Bennett et al. (2000) tested the role of CGRP8-37, a CGRP receptor antagonist, in reducing thermal and mechanical allodynia in a rat model of central neuropathic pain. In the experiment performed by Bennett and colleagues, the spinal cords of rats were hemisected and a catheter was inserted to allow for application of CGRP8-37 after surgical recovery[9]. Spinal hemisection was chosen due to its presumed suitability as a model of chronic pain, and due to the localization of CGRP in portions of the spinal cord[9]. Their control group received a similar operation without spinal hemisection, and received injections of a vehicle peptide in order to control for potential effects of injection stress. They tested the response of the rats to stimuli mimicking a light touch, a poke, and a pin prick to the fore and hind limbs, as well as the time taken to respond to an increase in temperature. In the test group, they found that the number of withdrawals increased from the baseline established before surgery to all stimuli except the pin prick, with no significant change within the control group. They found that the highest dose of CGRP8-37 (50 nM) reduced the number of withdrawals in response to innocuous stimuli, but not the pin prick, for the experimental group, with no significant change for the control group. Responses to temperature were similar, with a decreased response time to an increase in temperature for the hemisected rats compared to baseline and controls, and the effect was alleviated by CGRP8-37. The authors established the potential pain causing action of CGRP by injecting CGRP directly, which caused the rats to writhe, increase vocalization, and bite the site of the catheter. They determined that CGRP8-37 had no direct effect on motor function by testing motor scores at each drug injection, and these scores did not differ significantly from pre-drug values.
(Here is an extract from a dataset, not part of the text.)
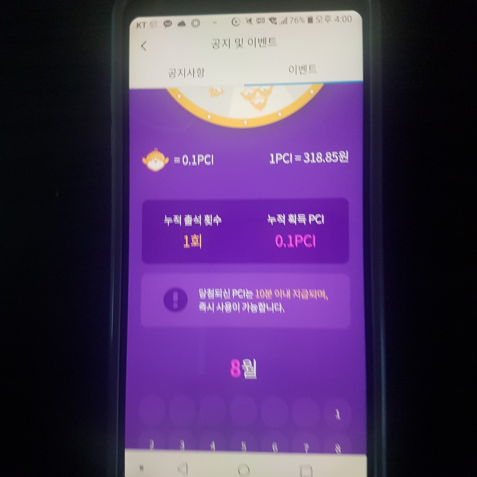 네, 0.1 페이 코인이 당첨됐습니다. 31원입니다. 개창렬입니다.

The results obtained by Bennett and colleagues suggest that CGRP plays a role in nociception that occurs with chronic pain. They saw no change in withdrawal from noxious stimuli in controls, which provides no evidence for involvement in normal nociceptive pathways. The authors suggest this may be due to a chronic change in CGRP receptor activation following spinal injury. They propose that this increase in receptor activation could be due to an increase in neurotransmitter release. Interestingly, they explain that CGRP distribution in the spinal cord increases following spinal hemisection, thus suggesting an increase in the number of CGRP-containing synaptic terminals. It is not clear from this data what the mechanism of action of is for CGRP, or even if it is pre- or postsynaptic. The authors propose an effect on other neurotransmitters, as CGRP has been shown to prolong the action of substance P [9], and stimulate the release of excitatory amino acids aspartate and glutamate [10]. Glutamate acts on NMDA receptors, and NMDA receptors play a role in synaptic plasticity [11]. Thus, CGRP could cause sensitization via the activation of NMDA, which could act to lower the nociceptive threshold of trigeminal neurons. Additionally, substance P is a peptide that has been linked to nociception[12]. CGRP is thought to prolong the action of substance P by preventing its enzymatic breakdown, due to the two compounds sharing the same degradative enzymes[13]. If there was an excess of CGRP, the enzymes would be more likely to degrade CGRP and substance P could remain in the synaptic cleft and act for a longer time. Alternatively, there is also evidence that CGRP can elicit pain transmission independently of substance P or glutamate, in that CGRP alone is capable of eliciting a depolarization in spinal cord dorsal horn neurons [14].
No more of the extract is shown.